Exercise brief
An exact transcription of all the data is required; the pictures are to be left out.

Information shown
=== Section Start ===
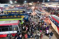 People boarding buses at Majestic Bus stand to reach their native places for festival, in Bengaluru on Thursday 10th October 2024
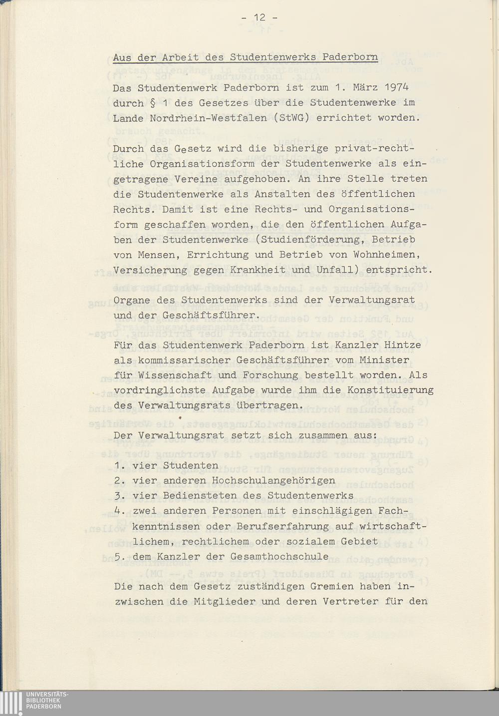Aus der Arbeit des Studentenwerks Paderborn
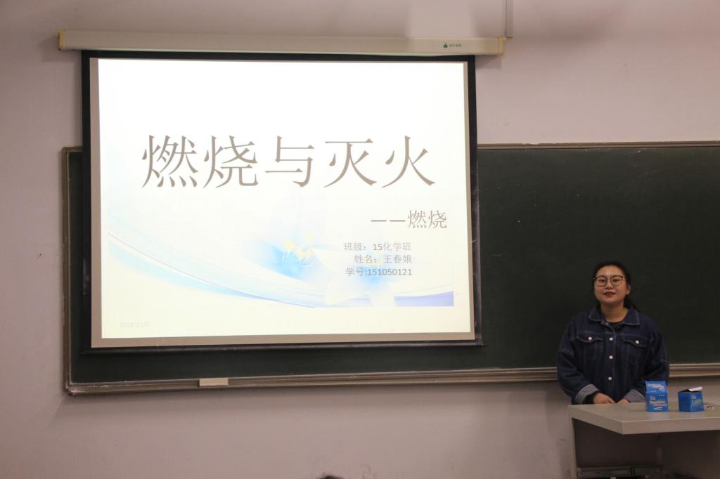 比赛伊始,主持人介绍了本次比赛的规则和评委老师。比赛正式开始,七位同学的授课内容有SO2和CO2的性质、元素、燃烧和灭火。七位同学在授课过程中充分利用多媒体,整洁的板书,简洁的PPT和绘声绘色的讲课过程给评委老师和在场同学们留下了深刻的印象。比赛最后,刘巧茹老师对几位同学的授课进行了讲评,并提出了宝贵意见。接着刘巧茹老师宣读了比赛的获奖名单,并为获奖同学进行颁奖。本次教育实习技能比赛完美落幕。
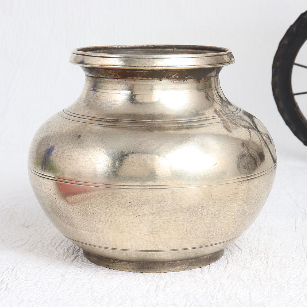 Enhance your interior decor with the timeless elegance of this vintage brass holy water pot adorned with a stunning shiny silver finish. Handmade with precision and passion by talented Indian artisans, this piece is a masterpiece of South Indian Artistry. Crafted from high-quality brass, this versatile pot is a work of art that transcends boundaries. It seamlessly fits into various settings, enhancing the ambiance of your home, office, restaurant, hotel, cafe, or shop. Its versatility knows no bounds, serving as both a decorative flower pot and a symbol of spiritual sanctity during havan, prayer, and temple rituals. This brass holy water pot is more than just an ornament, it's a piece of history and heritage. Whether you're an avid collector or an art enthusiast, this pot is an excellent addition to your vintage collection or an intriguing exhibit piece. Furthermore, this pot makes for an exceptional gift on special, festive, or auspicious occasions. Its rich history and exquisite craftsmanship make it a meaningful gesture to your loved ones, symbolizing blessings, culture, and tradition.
=== Section End ===
Exercise answer
 People boarding buses at Majestic Bus stand to reach their native places for festival, in Bengaluru on Thursday 10th October 2024
Aus der Arbeit des Studentenwerks Paderborn
 比赛伊始,主持人介绍了本次比赛的规则和评委老师。比赛正式开始,七位同学的授课内容有SO2和CO2的性质、元素、燃烧和灭火。七位同学在授课过程中充分利用多媒体,整洁的板书,简洁的PPT和绘声绘色的讲课过程给评委老师和在场同学们留下了深刻的印象。比赛最后,刘巧茹老师对几位同学的授课进行了讲评,并提出了宝贵意见。接着刘巧茹老师宣读了比赛的获奖名单,并为获奖同学进行颁奖。本次教育实习技能比赛完美落幕。
 Enhance your interior decor with the timeless elegance of this vintage brass holy water pot adorned with a stunning shiny silver finish. Handmade with precision and passion by talented Indian artisans, this piece is a masterpiece of South Indian Artistry. Crafted from high-quality brass, this versatile pot is a work of art that transcends boundaries. It seamlessly fits into various settings, enhancing the ambiance of your home, office, restaurant, hotel, cafe, or shop. Its versatility knows no bounds, serving as both a decorative flower pot and a symbol of spiritual sanctity during havan, prayer, and temple rituals. This brass holy water pot is more than just an ornament, it's a piece of history and heritage. Whether you're an avid collector or an art enthusiast, this pot is an excellent addition to your vintage collection or an intriguing exhibit piece. Furthermore, this pot makes for an exceptional gift on special, festive, or auspicious occasions. Its rich history and exquisite craftsmanship make it a meaningful gesture to your loved ones, symbolizing blessings, culture, and tradition.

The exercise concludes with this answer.